As Mark’s narrative unfolds the apostles’ comprehension is only partial at best—marked by an inability to grasp (let alone proclaim) the fullness of what is happening and why Jesus matters. And as we journey with them towards the Cross on Golgotha, we will see how often they end up with their feet in their mouths—how they fail to proclaim the good news and invite people along because they only grasp part of what’s going on and don’t know what to say.

In some ways, we might not feel any better off today. Like the apostles, we really only comprehend part of the mystery of Christ. We only understand part of what draws us here and keeps us here. And so our attempts to proclaim the good news often feel inadequate or downright cringe-worthy. Even if they don’t do the blatant harm that fundamentalists’ proselytizing inflicts, our attempts to grow are prone to becoming attempts to market ourselves and invite people to us. We often find ourselves like Peter on the mountain today, wondering, “What can I say?”

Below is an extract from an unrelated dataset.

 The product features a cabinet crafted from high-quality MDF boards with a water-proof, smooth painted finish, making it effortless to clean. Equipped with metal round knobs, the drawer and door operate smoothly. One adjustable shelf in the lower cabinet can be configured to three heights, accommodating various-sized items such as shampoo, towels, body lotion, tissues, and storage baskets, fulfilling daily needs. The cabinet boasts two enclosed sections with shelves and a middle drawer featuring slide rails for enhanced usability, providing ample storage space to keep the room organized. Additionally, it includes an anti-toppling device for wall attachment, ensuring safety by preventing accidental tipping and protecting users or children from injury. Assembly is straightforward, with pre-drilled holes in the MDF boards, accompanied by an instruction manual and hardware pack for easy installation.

But our situation is different from Peter’s today in a very important way. Unlike Peter, we stand with Paul on the other side of Jesus’ resurrection. We may not fully comprehend the mystery of salvation—the mystery that calls this beloved community, the Church, into existence; the mystery that takes tangible form in the Sacraments that nourish us; the mystery that inspires the beautiful music we love. We may not—we do not—fully grasp the Jesus we encounter here. We hold the glory of Christ—the glory witnessed by Peter James and John at the top of the mountain—we hold that glory in the earthen jars of our finite understanding.

But because we stand on the other side of Easter—because we know that Christ is risen, even as we walk with him again to Jerusalem—we can still proclaim the glory we see in all of its fullness. As Paul puts it, we can proclaim “Jesus Christ as Lord and ourselves your slaves for Jesus’ sake.” Even if we can’t fully understand or explain it, we see the full picture that Peter could not see. We see Jesus the Messiah, who is Teacher and Prophet and the very Son of God. We see Jesus, who laid aside freedom to free us from death and who we imitate in laying aside the goods of this world for the greater good of becoming free for the sake of all Creation.

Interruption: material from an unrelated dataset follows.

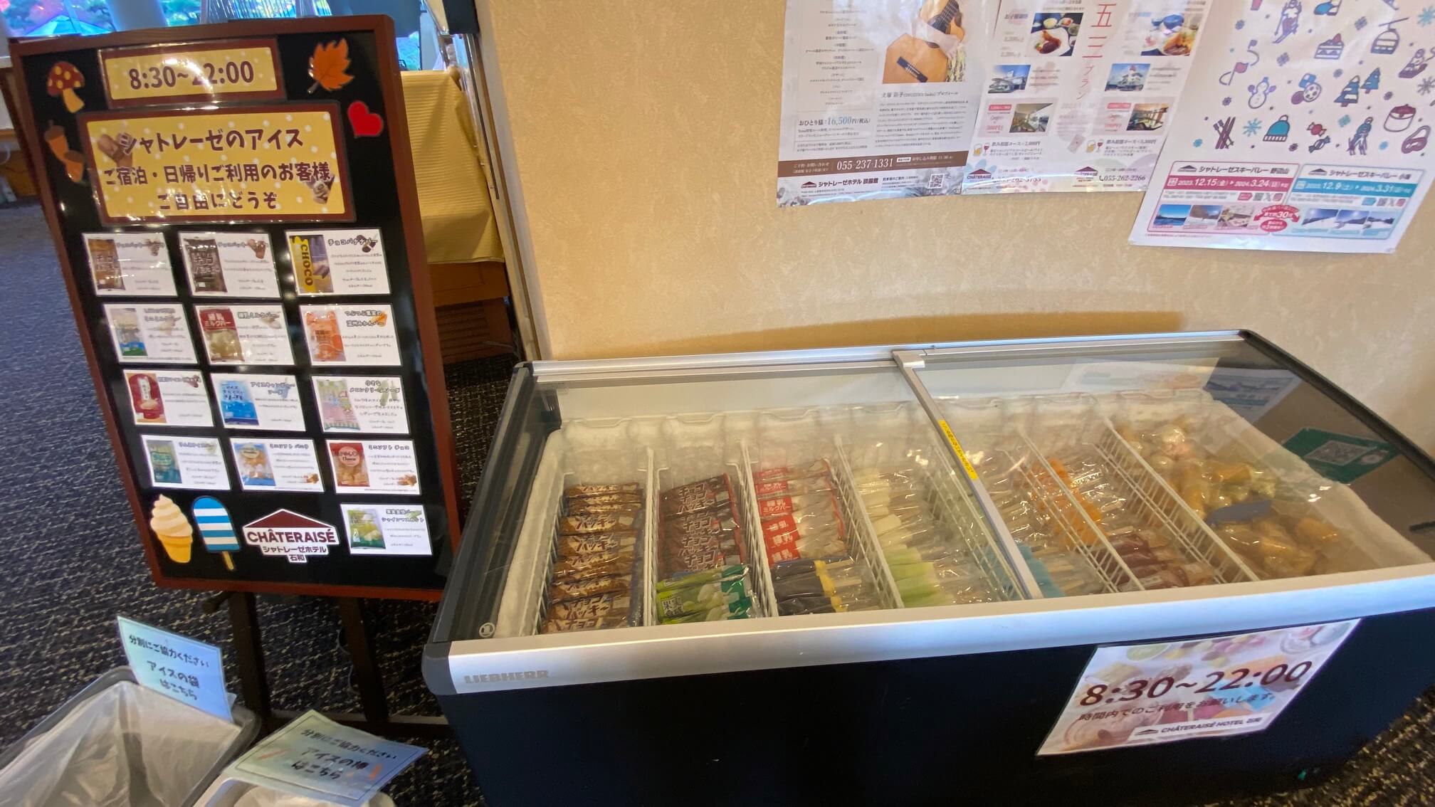 シャトレーゼホテル石和では、宿泊期間中はロビーでアイスが食べ放題です。

What can we say? We can simply proclaim—not ourselves—but Jesus Christ as Lord. We can simply proclaim who we know Jesus to be—how we see God work in us and for us and through us day by day. We can simply proclaim how we walk with Jesus in solidarity with a suffering world sharing in his work of healing wounds and making things new. Refusing to “practice cunning or falsify God’s word,” we can simply tell the story of what happens to us here as Christ’s Body, the Church—of the mystery that we hold together.

We won’t fully comprehend the whole mystery that we hold and that holds us all here. But it is being fulfilled in and through us. So we can state fully and openly what we hold in clay jars—not chopping off parts or cramming it into a box; not bending it to fit our agenda or spinning it to be more “relevant” or glossing over the mess of human community. We can say to the world, “I don’t fully comprehend it, and neither will you. But this is who I know Jesus to be.”

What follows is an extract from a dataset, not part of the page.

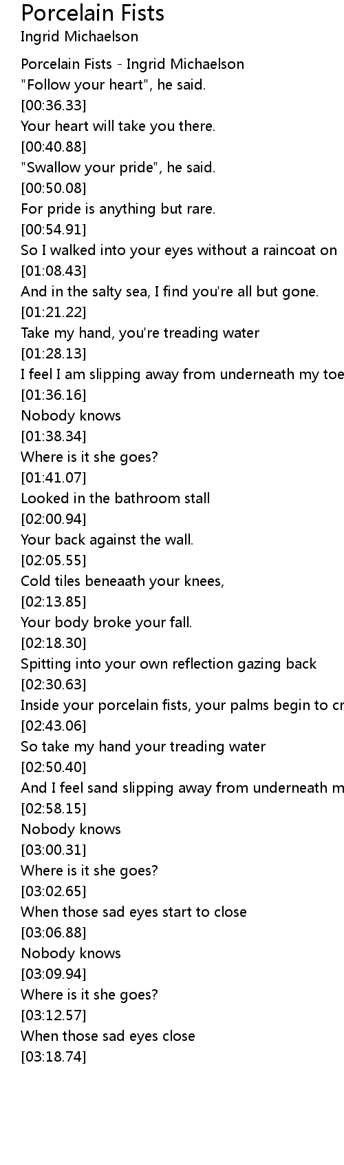 [00:01.97] Porcelain Fists - Ingrid Michaelson

This open statement of the truth is not a cudgel to wield or an argument to win or a product to market. It is a reality to be lived out—a slow-release miracle that transfigures us gradually. And we proclaim this truth—not through debates or marketing—but by practicing it together as the Body of Christ. Whenever gather for worship or fellowship or service in Christ’s name, we rehearse the baffling Mystery of Faith. As we gather, we are changed into Christ’s likeness from glory to glory and strengthened to bear the Cross that comes with our work of transforming a hurting world. 

This is a proclamation Peter didn’t have access to that day on Mount Tabor. But it’s a proclamation that we do have this side of Easter. So as we turn towards the season of Lent and walk with Christ to Calvary again, remember that this is what we’re here to rehearse. Remember that we’re here to proclaim, not ourselves but simply this: Jesus is Lord and became a slave to free us, and we are here to do the same, for his sake and the world’s.